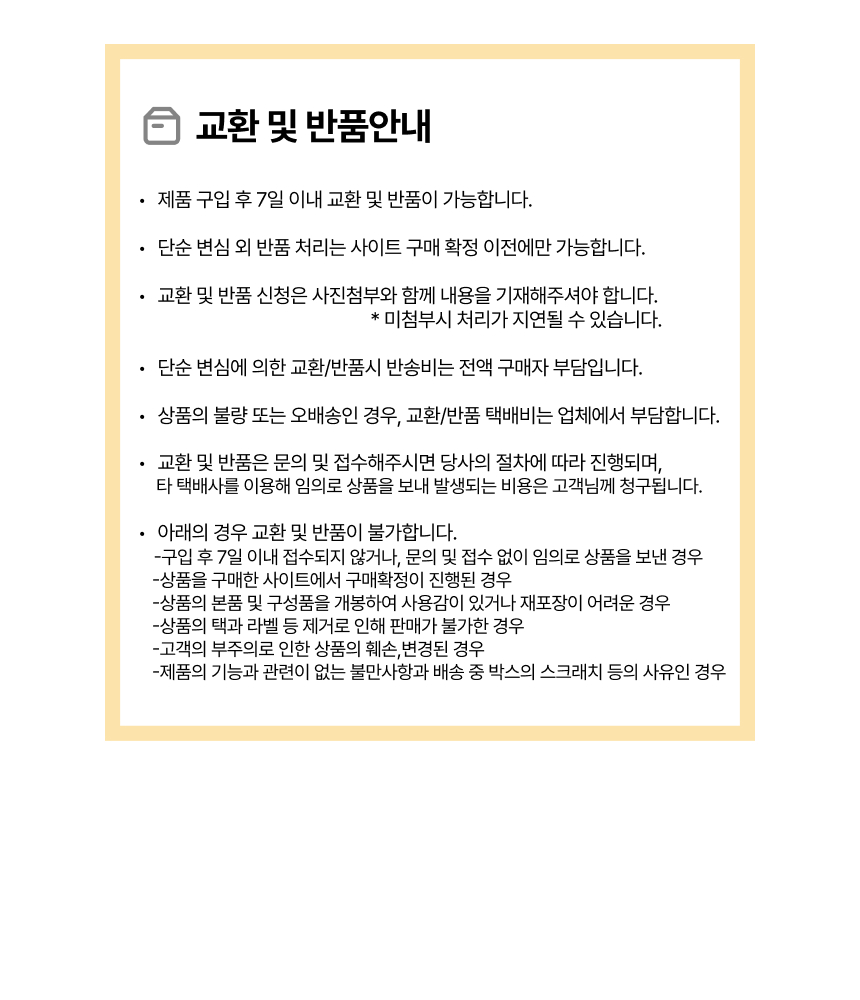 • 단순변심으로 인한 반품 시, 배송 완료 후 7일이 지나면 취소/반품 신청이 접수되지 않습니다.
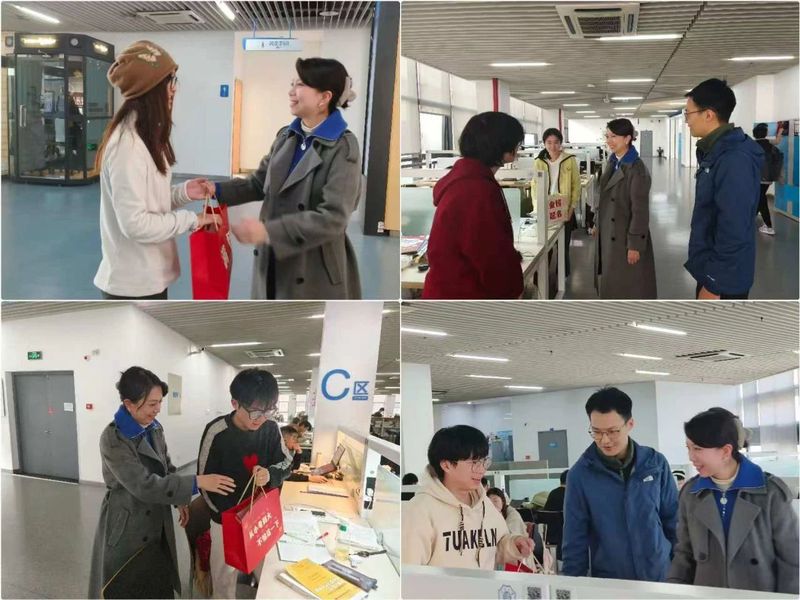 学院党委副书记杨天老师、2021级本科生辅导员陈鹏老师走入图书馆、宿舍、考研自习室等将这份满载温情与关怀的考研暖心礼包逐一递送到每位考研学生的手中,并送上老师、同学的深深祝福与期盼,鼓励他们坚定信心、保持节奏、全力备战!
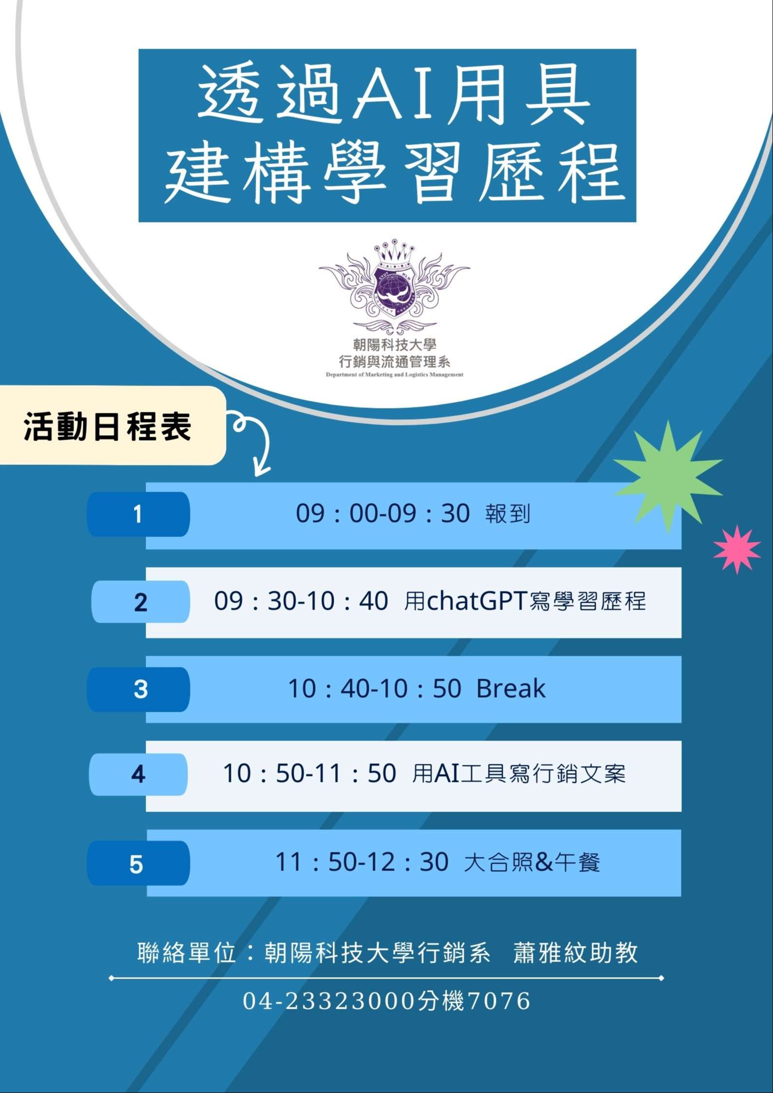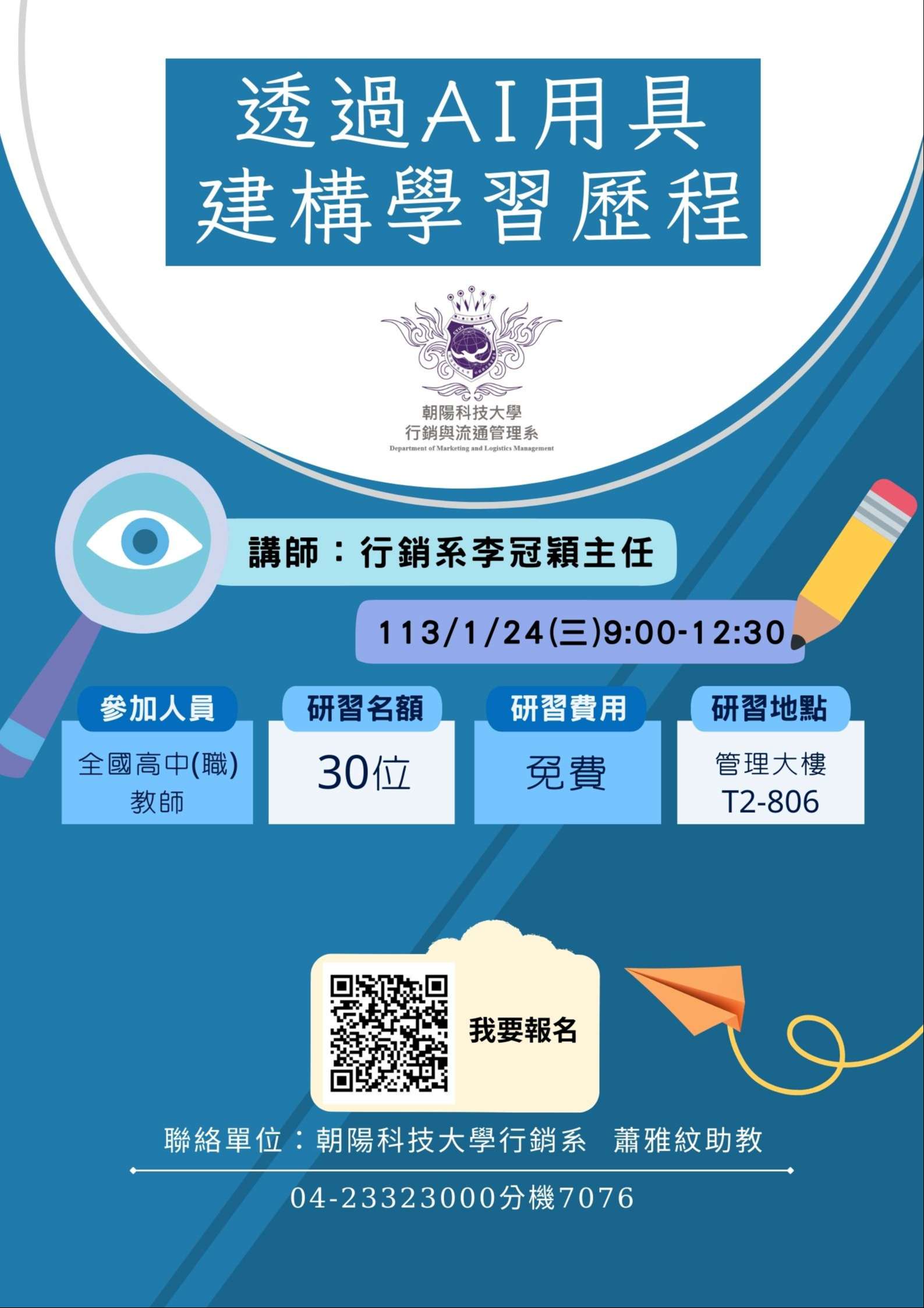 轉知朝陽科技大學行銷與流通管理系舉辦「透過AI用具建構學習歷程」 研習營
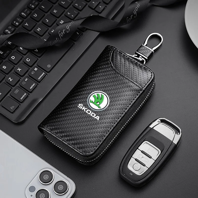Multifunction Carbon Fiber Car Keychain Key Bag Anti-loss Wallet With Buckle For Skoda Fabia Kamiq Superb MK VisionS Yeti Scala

···

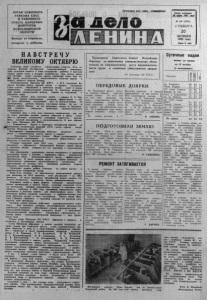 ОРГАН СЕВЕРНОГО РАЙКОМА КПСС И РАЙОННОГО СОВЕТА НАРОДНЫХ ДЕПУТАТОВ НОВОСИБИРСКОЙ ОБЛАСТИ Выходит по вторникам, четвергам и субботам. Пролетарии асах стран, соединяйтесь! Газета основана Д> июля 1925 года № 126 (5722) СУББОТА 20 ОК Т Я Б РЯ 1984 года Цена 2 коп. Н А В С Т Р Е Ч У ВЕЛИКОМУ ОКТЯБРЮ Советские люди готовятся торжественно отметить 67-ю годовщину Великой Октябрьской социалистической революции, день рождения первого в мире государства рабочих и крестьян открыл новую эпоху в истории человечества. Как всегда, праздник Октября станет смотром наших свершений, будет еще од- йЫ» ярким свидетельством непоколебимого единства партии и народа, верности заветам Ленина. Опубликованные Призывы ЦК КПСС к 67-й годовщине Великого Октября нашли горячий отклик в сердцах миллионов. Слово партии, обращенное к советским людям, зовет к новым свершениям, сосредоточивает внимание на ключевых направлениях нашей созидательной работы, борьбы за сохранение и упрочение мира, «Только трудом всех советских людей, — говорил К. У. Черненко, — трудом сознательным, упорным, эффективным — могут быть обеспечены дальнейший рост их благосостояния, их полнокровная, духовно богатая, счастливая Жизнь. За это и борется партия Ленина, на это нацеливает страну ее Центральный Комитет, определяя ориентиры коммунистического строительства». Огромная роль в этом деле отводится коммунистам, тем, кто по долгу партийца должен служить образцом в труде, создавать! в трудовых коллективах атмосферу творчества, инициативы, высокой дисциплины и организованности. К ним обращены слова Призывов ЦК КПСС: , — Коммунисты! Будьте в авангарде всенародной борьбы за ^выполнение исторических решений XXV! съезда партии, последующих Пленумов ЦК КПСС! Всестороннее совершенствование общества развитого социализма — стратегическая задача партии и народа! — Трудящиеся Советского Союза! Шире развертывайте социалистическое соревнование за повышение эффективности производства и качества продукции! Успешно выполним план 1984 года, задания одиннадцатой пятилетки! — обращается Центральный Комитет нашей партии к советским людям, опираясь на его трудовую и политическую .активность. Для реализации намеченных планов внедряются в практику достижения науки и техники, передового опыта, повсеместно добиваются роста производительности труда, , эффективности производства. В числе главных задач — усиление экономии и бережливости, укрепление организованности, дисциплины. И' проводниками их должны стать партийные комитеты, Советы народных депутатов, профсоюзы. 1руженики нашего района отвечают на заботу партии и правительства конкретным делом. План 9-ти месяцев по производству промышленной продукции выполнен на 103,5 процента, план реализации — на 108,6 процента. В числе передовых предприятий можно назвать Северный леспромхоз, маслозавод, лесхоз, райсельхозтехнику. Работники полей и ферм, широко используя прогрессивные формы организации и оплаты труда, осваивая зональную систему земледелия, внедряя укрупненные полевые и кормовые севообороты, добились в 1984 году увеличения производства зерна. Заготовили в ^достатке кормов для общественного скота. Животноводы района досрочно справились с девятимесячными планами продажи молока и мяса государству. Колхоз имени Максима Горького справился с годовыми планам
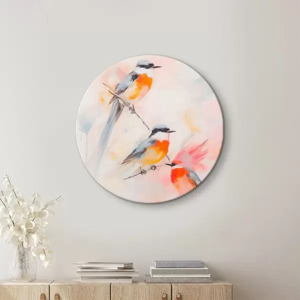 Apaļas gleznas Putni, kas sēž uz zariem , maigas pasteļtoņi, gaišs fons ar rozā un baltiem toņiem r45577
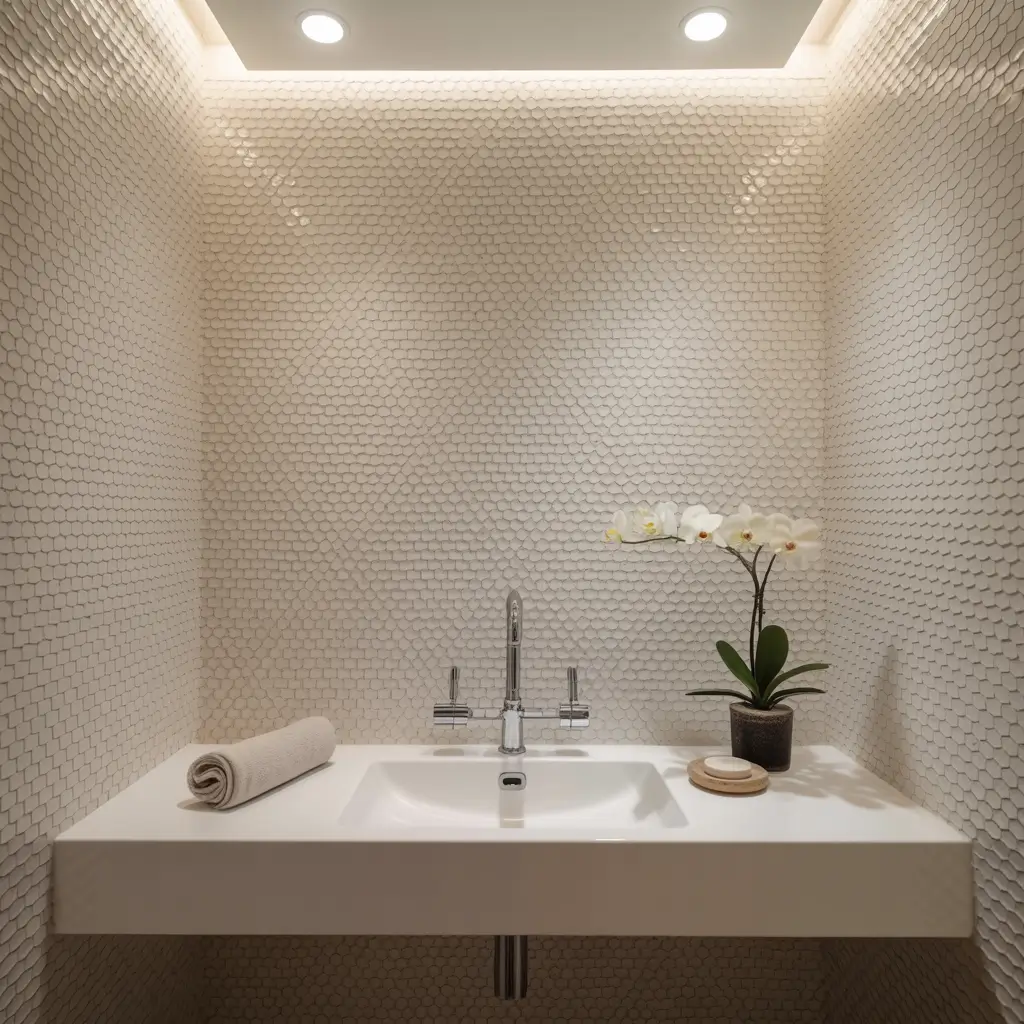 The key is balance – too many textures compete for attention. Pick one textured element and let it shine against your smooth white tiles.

···

* WORK TASK
Above are some records. Output exactly the lines from the one that contains "Apaļas gleznas Putni, kas" to the one that contains "The key is balance", keeping both, and omit the pictures.

* EXERCISE ANSWER
 Apaļas gleznas Putni, kas sēž uz zariem , maigas pasteļtoņi, gaišs fons ar rozā un baltiem toņiem r45577
 The key is balance – too many textures compete for attention. Pick one textured element and let it shine against your smooth white tiles.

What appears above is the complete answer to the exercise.